Elle s'est constituée par des dons faits au musée et par des dépôts
du Musée National des Arts et Traditions Populaires, du musée
de l'Homme et par le dépôt de l'une des plus célèbres
collections du monde, celle de Maître Léopold
Dor.
Outre les marionnettes lyonnaises, les diverses traditions
françaises sont présentes avec notamment :
- Les cabotans à tringle et à fils
d'Amiens, représentés par le jeu du théâtre
de Julien Barbier (41 pièces). Seul le héros, Lafleur, n'est ici
qu'une copie, Julien Barbier ayant tenu à garder sa marionnette principale.
- La tradition parisienne autour de Guignol avec des pièces du théâtre
des ButtesChaumont, du Guignol des Tuileries et des personnages de Gaston
Baty.
Europe du Nord et de l'Est
En Belgique, les marionnettes à tringles
sont diversement interprétées : à Liège avec
Tchantchès, à Bruxelles avec le théâtre de Toone.
Deux héros populaires, Jan Klaasen et Katrijn dominent le
répertoire hollandais. Ce sont des marionnettes à gaine.

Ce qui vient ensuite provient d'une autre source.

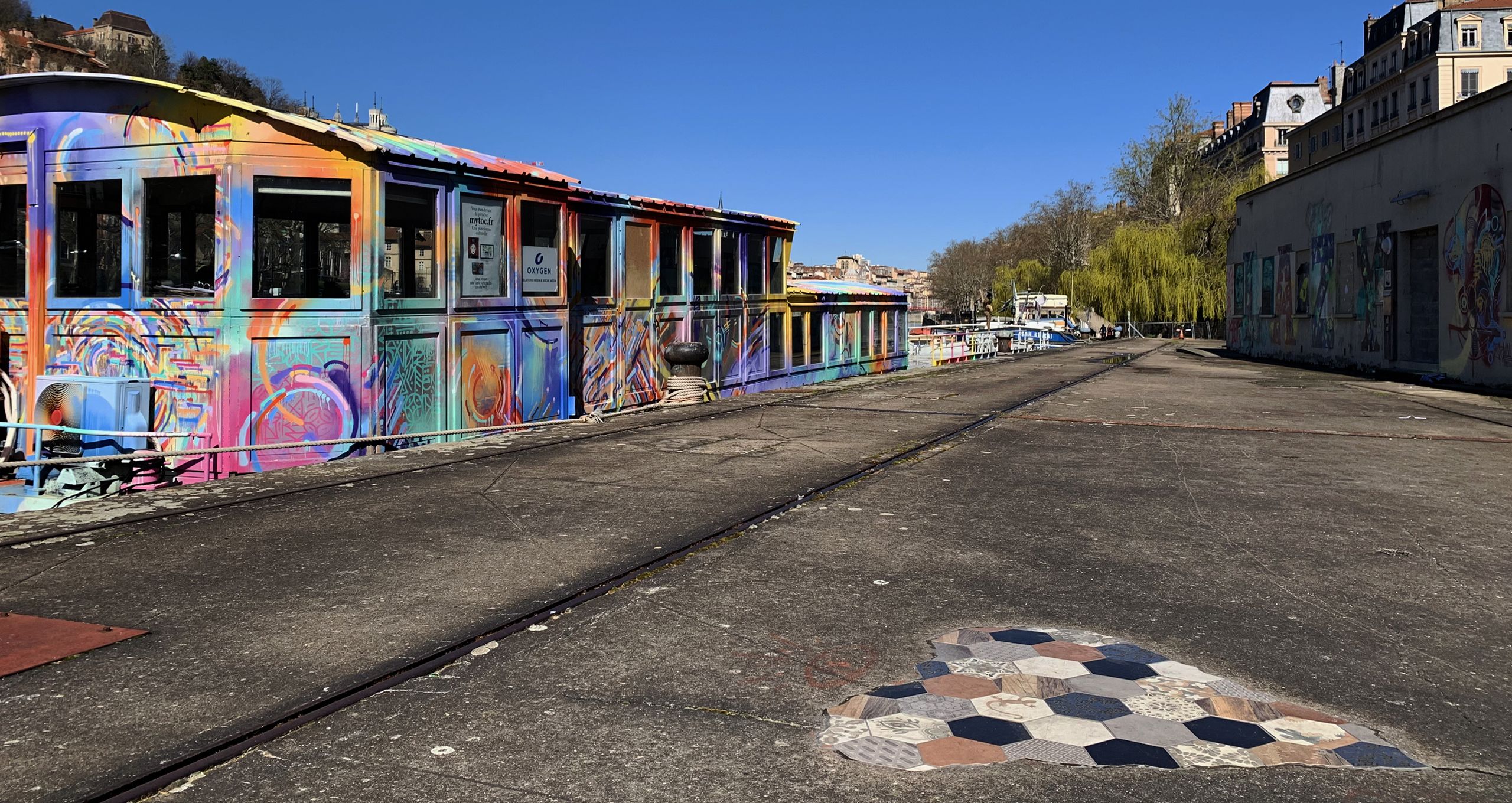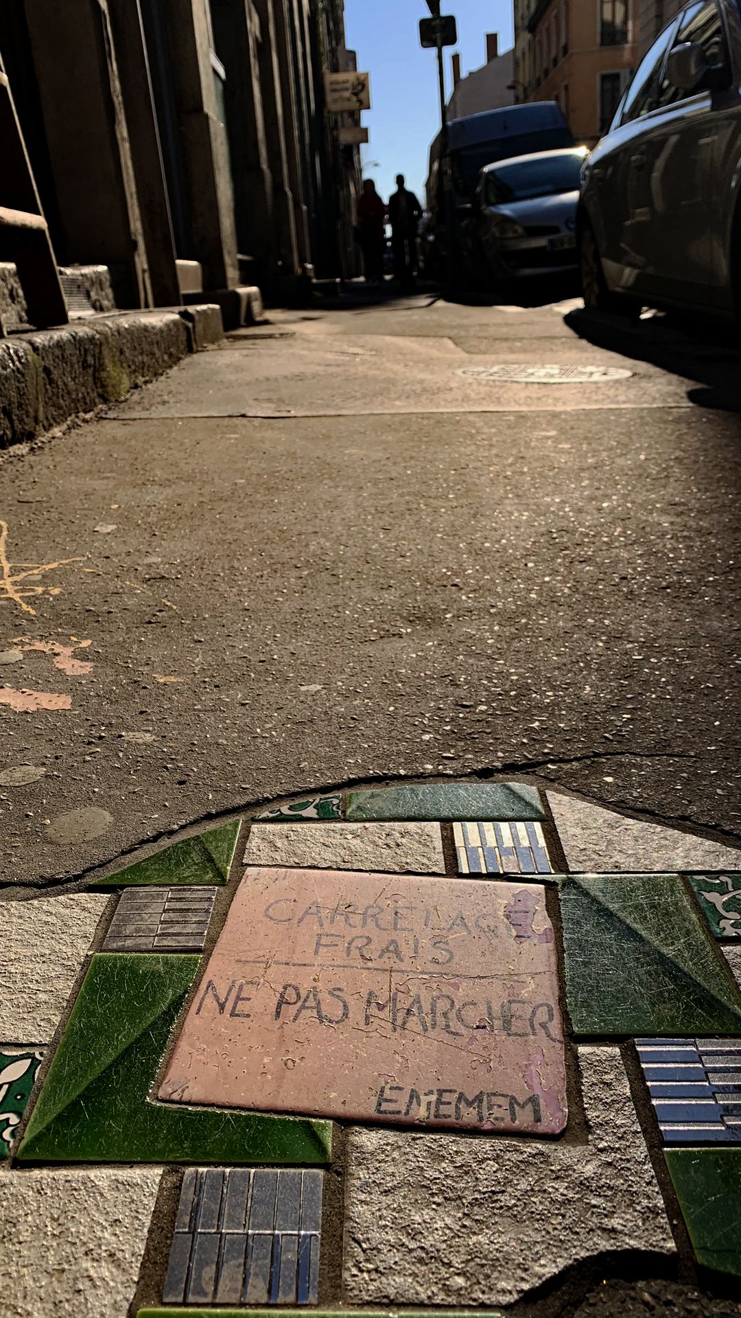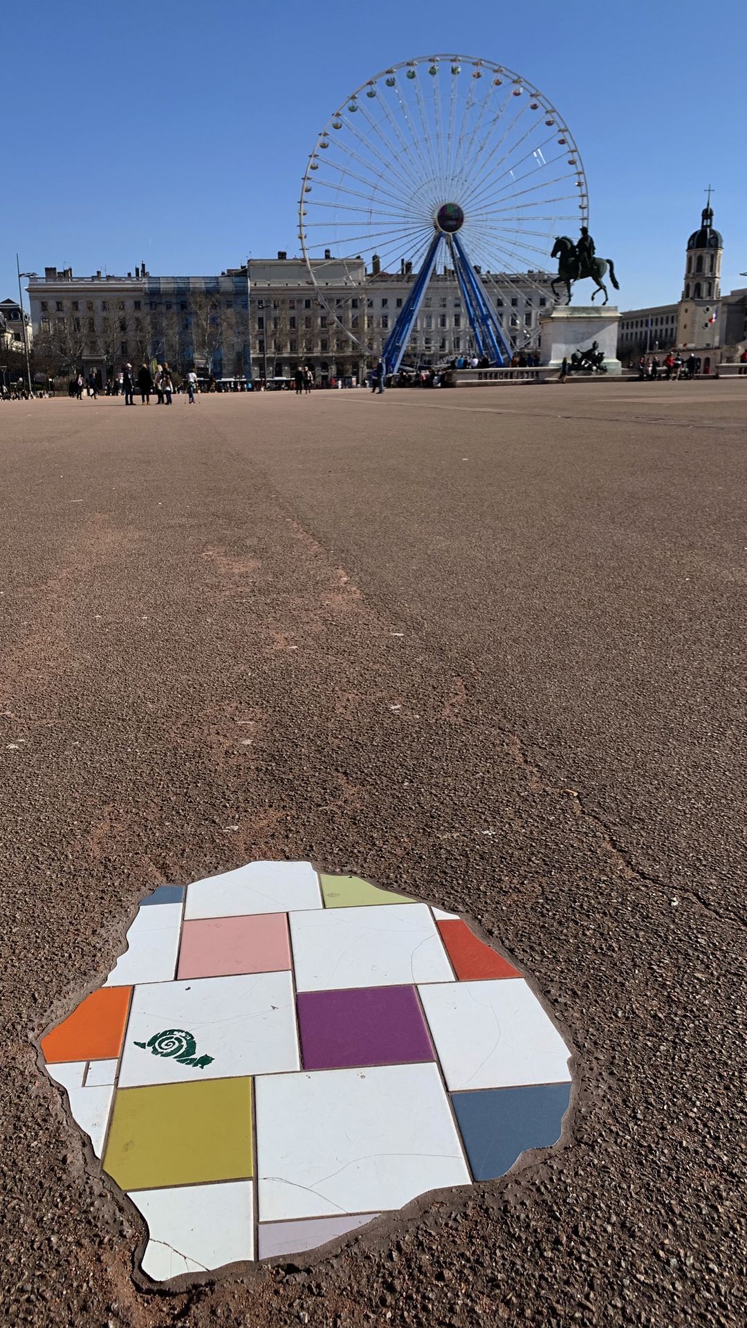 On y trouve désormais de nombreuses œuvres signées Ememem, et Skéné, l’autre as lyonnais de la mosaïque, y a déposé ses cœurs. Et si nous emboîtions le pas de ces artistes du bitume dont le travail interpelle les passants amenés à piétiner ces flaques colorées ?

L'Europe du Nord est encore représentée avec la fameuse Old
Mother Shipton, la plus célèbre pièce de la collection
Dor. C'est la plus ancienne marionnette anglaise
connue, remontant à l'époque de la Reine Anne (vers 1700). Faite
de bois sculpté, elle possède un visage très expressif,
animé par des yeux de verre. Primitivement, c'était une marionnette
à tringle qui fut, au 19e siècle, transformée en marionnette
à fils.
Une vingtaine de toutes petites marionnettes tchèques
(hauteur 17 cm) en bois sculpté ou en plâtre moulé, possèdent
également un système de tringle à quatre fils.
Europe du Sud
L'ensemble le plus ancien et le plus précieux de la collection est celui
d'une quarantaine de marionnettes vénitiennes à
tringle des 17e et 18e siècles, vestiges d'un théâtre
du palais. Hautes de 70 cm en moyenne, elles sont vêtues de riches costumes
de cette époque.
L'opera dei puppi, tradition sicilienne, est représenté
par plusieurs marionnettes à tringle.
En Turquie, c'est la technique de l'ombre qui est
utilisée avec le théâtre de Karagheuz. Les silhouettes des
personnages, translucides bien que colorées, sont découpées
dans du cuir.
Asie
Les wayang-kulit en Indonésie, les wayang-golek
à Java, les sou-kiang en Chine et
les nang luong du Siam (Thaïlande), sont autant
de pièces exceptionnelles et raffinées qui interprètent
diversement la technique de l'ombre.
Le Japon est représenté par un bunraku
dont la manipulation, très élaborée, nécessite deux
ou trois personnes simultanément.
Afrique
Le Togo, avec ses marionnettes à fils, ou encore le Mali, avec le chant
des oiseaux, montrent que les marionnettes existent sur tous les continents
et sous toute forme de techniques.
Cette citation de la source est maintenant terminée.